History

United States
- Name: USS Matanzas (AVP-46)
- Namesake: Matanzas Inlet in Florida
- Awarded: 14 April 1942
- Builder: Lake Washington Shipyard, Houghton, Washington (proposed)
- Laid down: Never
- Fate: Construction contract cancelled 29 April 1943

General characteristics
- Class & type: Barnegat-class small seaplane tender
- Displacement: 1,766 tons (light); 2,750 tons (full load);
- Length: 311 ft 8 in (95.00 m)
- Beam: 41 ft 1 in (12.52 m)
- Draught: 13 ft 6 in (4.11 m)
- Installed power: 6,000 horsepower (4.48 megawatts)
- Propulsion: Diesel engines, two shafts
- Speed: 18.6 knots (34.4 km/h)
- Complement: 215 (ship's company); 367 (including aviation unit);
- Sensors & processing systems: Radar; sonar
- Armament: Probably either 2 x 5-inch (127 mm) 38-caliber guns, 4 x 20-mm antiaircraft guns, and 2 x depth charge tracks, or 1 x 5-inch (127 mm) 38-caliber gun, 1 x quadruple 40-mm antiaircraft gun mount, 2 x twin 40-mm gun mounts, 6 x 20-mm antiaircraft guns, and 2 x depth charge tracks
- Aviation facilities: Supplies, spare parts, fuel, repairs, and berthing for one seaplane squadron; 80,000 US gallons (300,000 L) aviation fuel

= USS Matanzas =

Tender of the United States Navy

USS Matanzas (AVP-46) was a proposed United States Navy seaplane tender that was never laid down.

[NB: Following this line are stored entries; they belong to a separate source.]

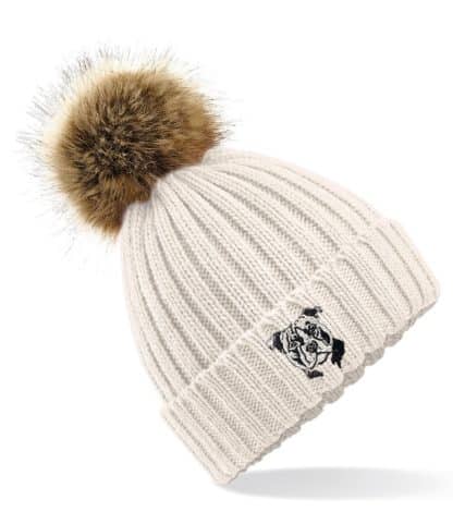 Hard wearing and super soft, warm winter quality pom pom hat with unique embroidered design. A unique product from The House of Dog. A brilliant and unique gift idea for Father’s or Mother’s Day and Birthdays and Christmas.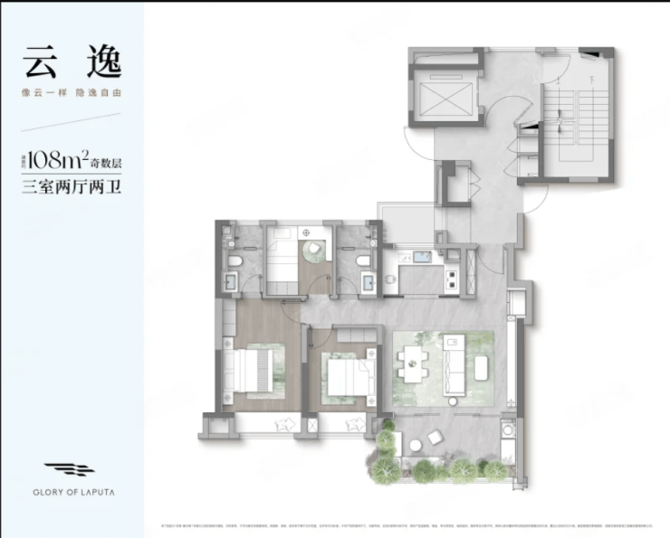 108㎡ 云逸 | 三室两厅两卫:奇数层/偶数层得房率均约95%,适合刚改家庭
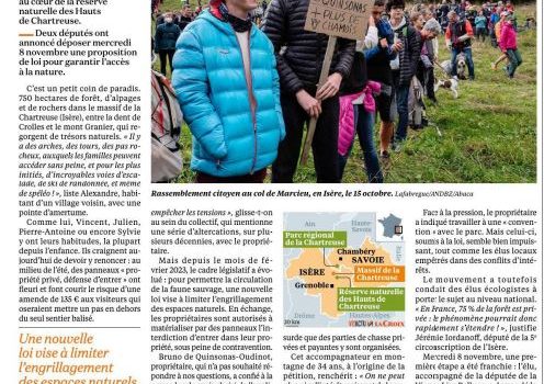 La mobilisation en Chartreuse continue de faire parler dans les médias, alors qu’une proposition de loi pour dépénaliser l’accès à la nature va prochainement être déposée.Voici un article paru dans le journal La Croix du jeudi 9 novembre 2023.Lire l’article : la-croix.com/planete/En-Chartreuse-citoyens-contre-privatisation-montagne-2023-11-08-1201289938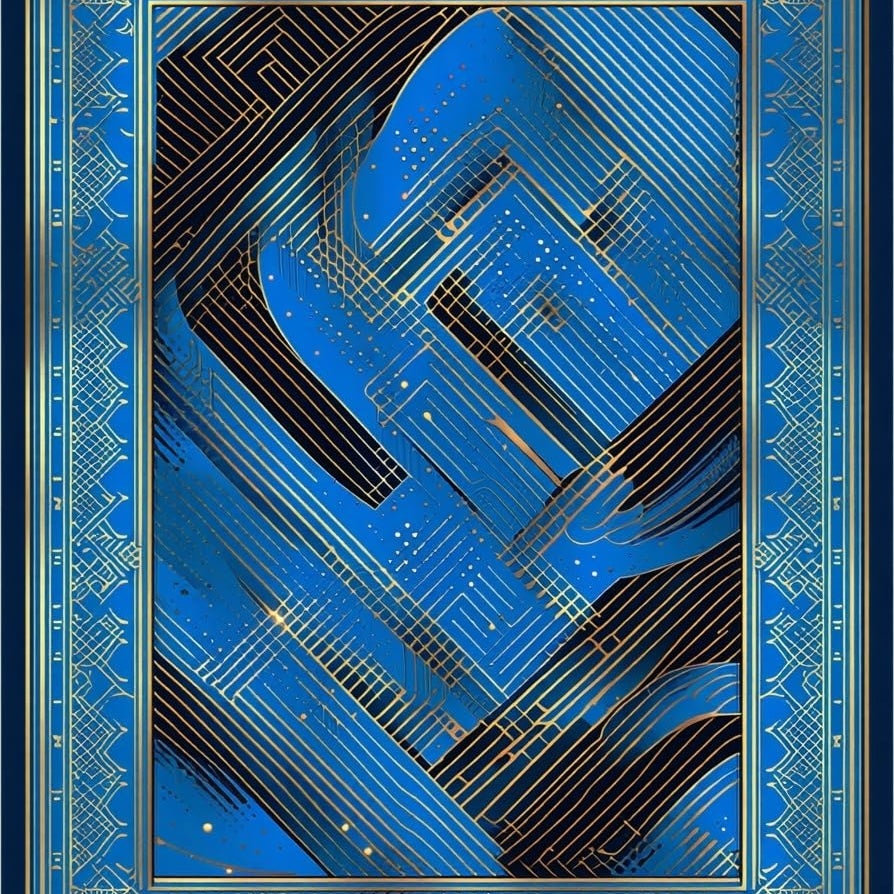 Contemporary Gold Trimmed Geometric Design(Blue)

== Construction and commissioning ==
Matanzas was to have been one of 41 Barnegat-class small seaplane tenders the U.S. Navy planned to commission during the early 1940s, and was to have been built at Houghton, Washington, by the Lake Washington Shipyard. However, by the spring of 1943 the Navy deemed that number of seaplane tenders excess to requirements, and decided to complete four of them as motor torpedo boat tenders and one as a catapult training ship. In addition, the Navy also decided to cancel six of the Barnegat-class ships prior to their construction, freeing up the diesel engines that would have powered them for use in escort vessels and amphibious landing craft.

A contract with Lake Washington Shipyard for AVP-46's construction was let on 14 April 1942, and she was assigned the name Magothy on 23 August 1942. However, she became one of the final two ships to be cancelled when the Navy cancelled the contract on 29 April 1943 before construction could begin.